MulticallBatch batch = client.batch();
// ... add calls ...
batch.execute();
// ... use results ...
// For more calls, create a new batch
MulticallBatch batch2 = client.batch();
// ... add new calls ...4. Clear Pending Calls on Exceptions
MulticallBatch uses a ThreadLocal to capture call metadata between the proxy method call and add(). If an exception occurs between these two calls, you must call clearPending() to prevent ThreadLocal leaks.

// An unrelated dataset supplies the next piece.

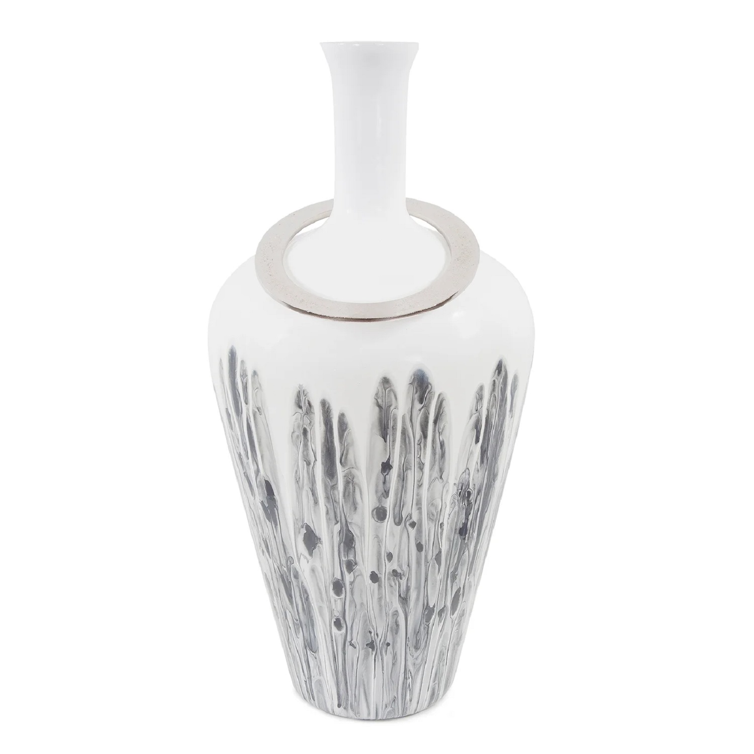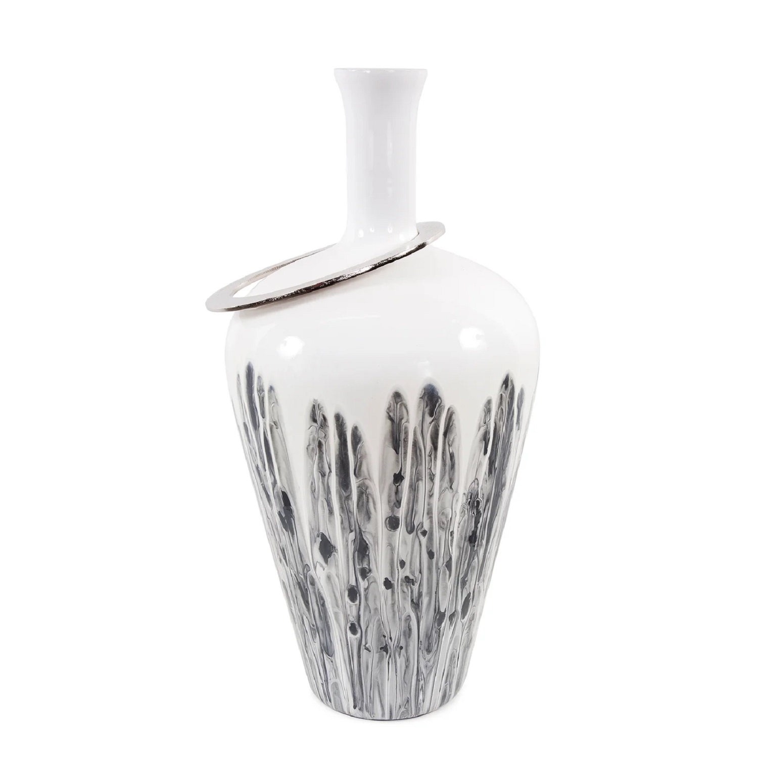 [0] => The Large Albrecht Vase is made of glass with a white finish and a grey pattern on its lower half that resembles flowing liquid. The narrow neck of the vase shows off an oval-shaped aluminum ring, a uniquely edgy addition that is sure to invite a closer look. Pair with the Medium Albrecht Vase or display on its own for a one-of-a-kind accent.

MulticallBatch batch = client.batch();
Erc20 token = batch.bind(Erc20.class, tokenAddress, abiJson);
try {
BigInteger balance = token.balanceOf(user); // Call captured in ThreadLocal
// ... validation that might throw ...
BatchHandle<BigInteger> handle = batch.add(balance); // Clears ThreadLocal
} catch (Exception e) {
batch.clearPending(); // Prevent ThreadLocal leak!
throw e;
}Performance Benefits
Multicall3 batching provides significant performance improvements:
- Reduced Network Overhead: 1 RPC call instead of N calls
- Lower Latency: Parallel execution on-chain
- Atomic Reads: All calls read from the same block state
- Cost Efficiency: Fewer network round-trips
For example, reading 100 token balances:
- Without Multicall: 100 RPC calls, ~10-20 seconds
- With Multicall: 1 RPC call, ~200-500ms
Technical Details
Multicall3 Contract
Brane uses the standard Multicall3 contract deployed at:
- Address:
0xcA11bde05977b3631167028862bE2a173976CA11 - Method:
aggregate3((address target, bool allowFailure, bytes callData)[] calls) - Returns:
(bool success, bytes returnData)[]
This address is deterministic and works across all major EVM chains (Ethereum, Polygon, Arbitrum, Optimism, Base, BSC, etc.).
Recording Proxy
Brane uses dynamic Java proxies to intercept method calls and capture:
- Target contract address
- Encoded function calldata
- Expected return type
The proxy returns default values during recording, allowing you to use the same interface patterns as regular contract interactions.